Великолепный боец и наездник, храбрый и мужественный, но вспыльчивый, Хаджи-Мурат был признанным военачальником, с чьим тактическим мастерством мог поспорить разве только Ахбирди Мухаммед, и едва ли не самым популярным предводителем в Аварском ханстве. Ему принадлежала решающая роль в удержании Аваристана в сфере влияния России и в защите его от посягательств Шамиля. Дважды на короткое время он становился правителем края и дважды был вынужден передавать власть другим русским ставленникам — Мухаммеду Мурзе-хану в 1834 г. и Ахмад-хану в 1836 г. При всей своей гордости Хаджи-Мурат глотал это унижение, проклиная русских, но оставался им верен, скорее всего потому, что кровная месть с «накшбандийцами» просто не оставляла ему ничего другого. Но в 1840 г. дело приняло иной оборот.

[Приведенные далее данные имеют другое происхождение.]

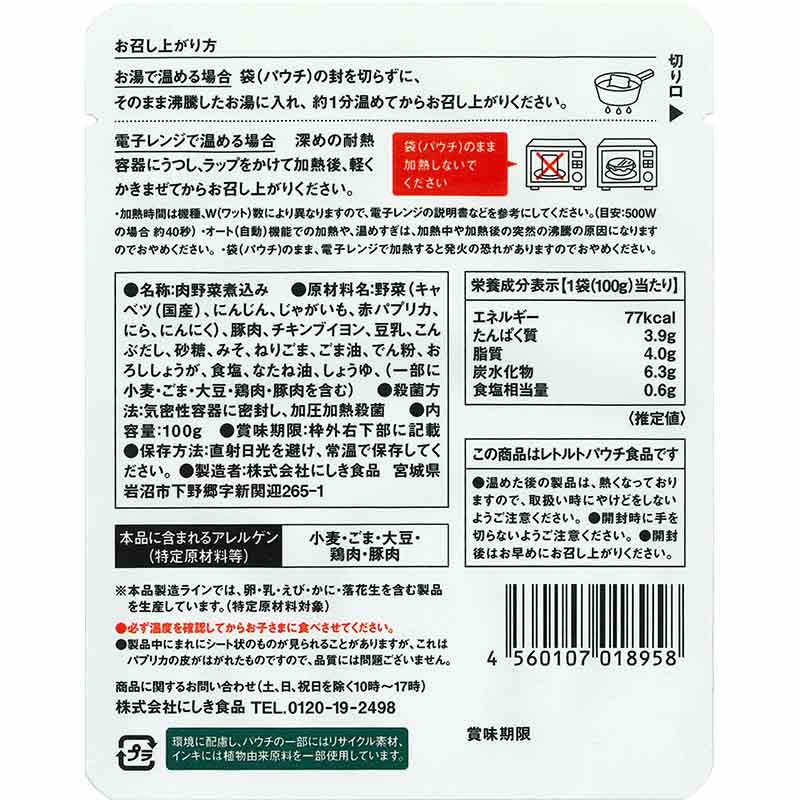 鍋料理を一人分取り分けたイメージで、国産の豚ひき肉と5種類の野菜を使用し、豆乳やみそ、ねりごまなどを加えた、コクのあるまろやかなスープで煮込みました。 おかずとしてはもちろん、ごはんや麺にかけたりとお好みにあわせてお召し上がりください。 管理栄養士監修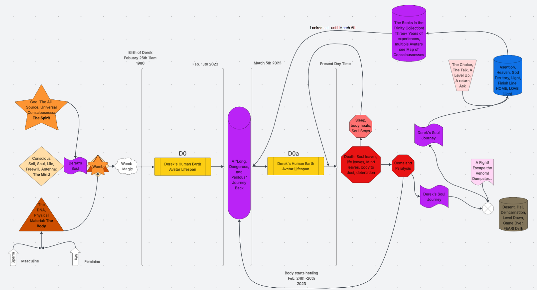 During that time I was taken on a fantastic voyage through what one can only describe as the space between life and death. Having had many names throughout history, Purgatory, Afterlife, Heaven and Hell, Hades, Going Forth By Day and The Halls of Amenti, Dante talked about them as circles in The Inferno. A hero’s journey traditionally….whisked away from the life I understood through trials aplenty and hardships abound. What do you do when you experience a detachment of your consciousness or soul from your body? Mine happened to be blasted to many different avatars or vessel (bodies) 3 weeks our time on earth, body in a coma, my soul seemed to encompass 3 or so years in different levels of time space, through dimensions, through multiple Derek (Dx) avatars before finally finding this one. I was constantly searching for my way back to the correct body…..The one writing this…..D0a as I now see this avatars Derek, back to my ex- wife and children. Back, to tell my story, to touch people spiritually, philosophically, and technologically with prose as well as I can, in order for humanity to learn and grow from my adventure through My Psychedelic Death!

С назначением Ахмад-хана временным правителем Аваристана между ним и Хаджи-Муратом сложились отношения соперничества, которые переросли во вражду. 13 ноября Ахмад-хан убедил русского коменданта Хунзаха арестовать Хаджи-Мурата по подозрению в ведении тайных переговоров с Шамилем. Получив такое сообщение, Клюгенау приказал доставить Хаджи-Мурата в Темир-Хан-Шуру для допроса. 22 ноября на глазах у 40 солдат и 4 русских офицеров гордый аварец сумел бежать в горы и направился в свой аул Целмес. Там он увидел, что по приказу хунзахского коменданта его дом разрушен, а имущество и скот разграблены{578}. [177]

«Шесть лет, — писал Хаджи-Мурат Клюгенау, — я преданно служил русскому правительству. Более того, я привел вас в Хунзах. А вы, забыв мою службу, позволяете себе поступать со мной, как вам заблагорассудится»{579}. Эти строки хорошо передают настроение тех горцев, которые сотрудничали с русскими{580}.

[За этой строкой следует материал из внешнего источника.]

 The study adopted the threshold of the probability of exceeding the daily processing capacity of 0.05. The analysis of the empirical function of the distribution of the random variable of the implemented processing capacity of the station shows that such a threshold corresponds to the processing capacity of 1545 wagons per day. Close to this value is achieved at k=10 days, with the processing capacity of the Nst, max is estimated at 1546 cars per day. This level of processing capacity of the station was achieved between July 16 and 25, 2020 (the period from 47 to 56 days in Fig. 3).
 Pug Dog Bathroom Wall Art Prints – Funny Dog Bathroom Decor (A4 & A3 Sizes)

Русские, подобно всем бесчисленным владыкам в подобных случаях во всей истории, охотно заигрывали с внутренней оппозицией. Они осыпали ее представителей подарками, милостями и титулами. В то же время те, кто служил властям, чувствовали себя «мальчиками на побегушках», которыми часто пренебрегали. Вместе с тем от них требовалось, чтобы они несли тяготы оккупационного режима и участвовали в управлении страной. И за все это они порой не могли рассчитывать даже на защиту русских. Таким образом, горцы, как усмиренные, так и свободные, ясно видели, что сопротивление русским приносит вознаграждение, а верность им оказывается наказуема.

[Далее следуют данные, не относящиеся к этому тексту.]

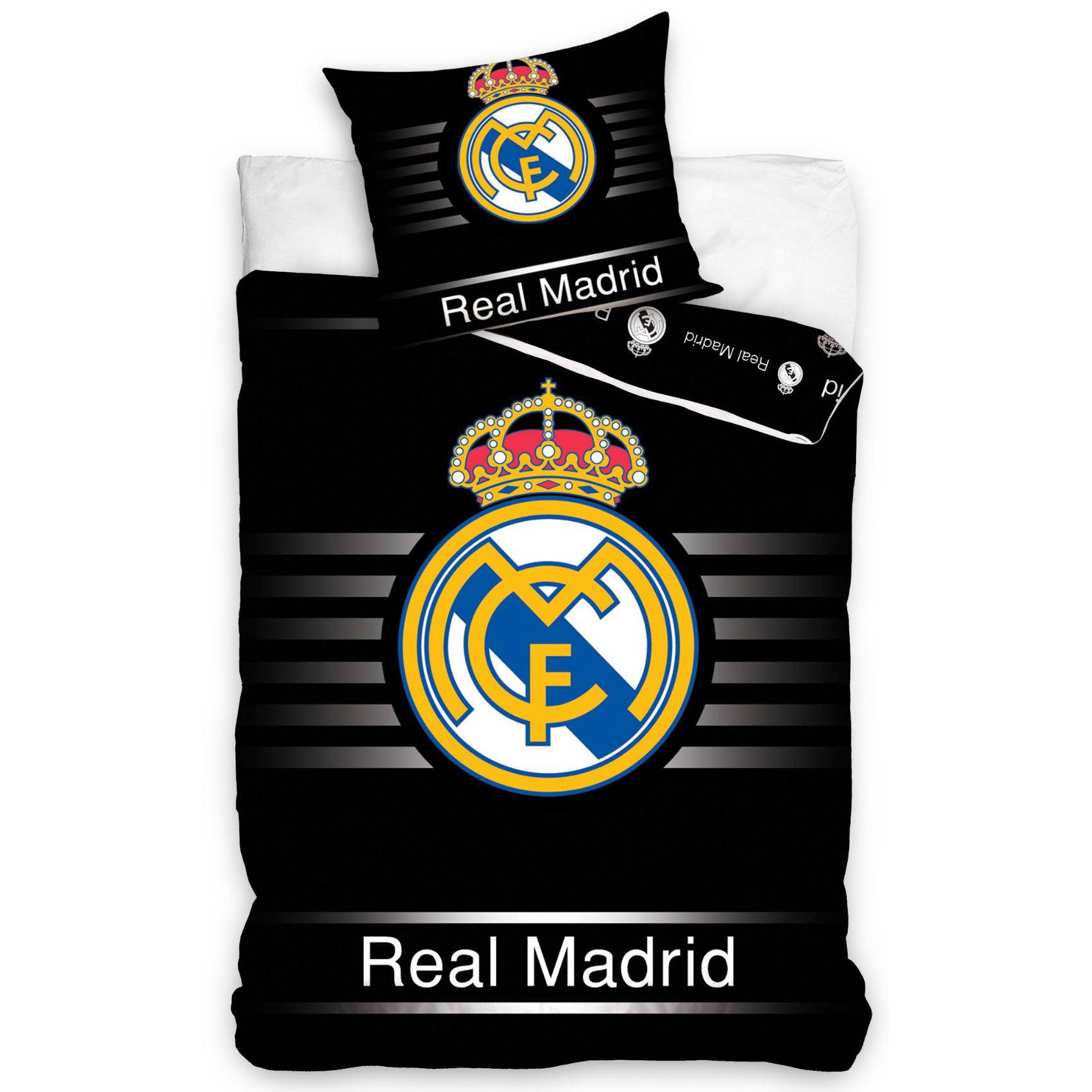 Real Madrid sengetøj 140x200 cm – Sort vendbart sengesæt til fodboldfans

В случае с Хаджи-Муратом он был «вознагражден» арестом и хуже того — «унижением со стороны младшего чина из гарнизонной комендатуры Хунзаха, который (как писал Хаджи-Мурат) сильно избивал, да еще плевал на меня». (При таких обстоятельствах Шамиль, конечно, мог подумать, что русские задумали снять с него голову. Действия коменданта Хунзаха ясно на это указывали.) Понятно горькое замечание в письме к Клюгенау: «Я больше вам не верю и твердо знаю, что вы не любите храброго человека».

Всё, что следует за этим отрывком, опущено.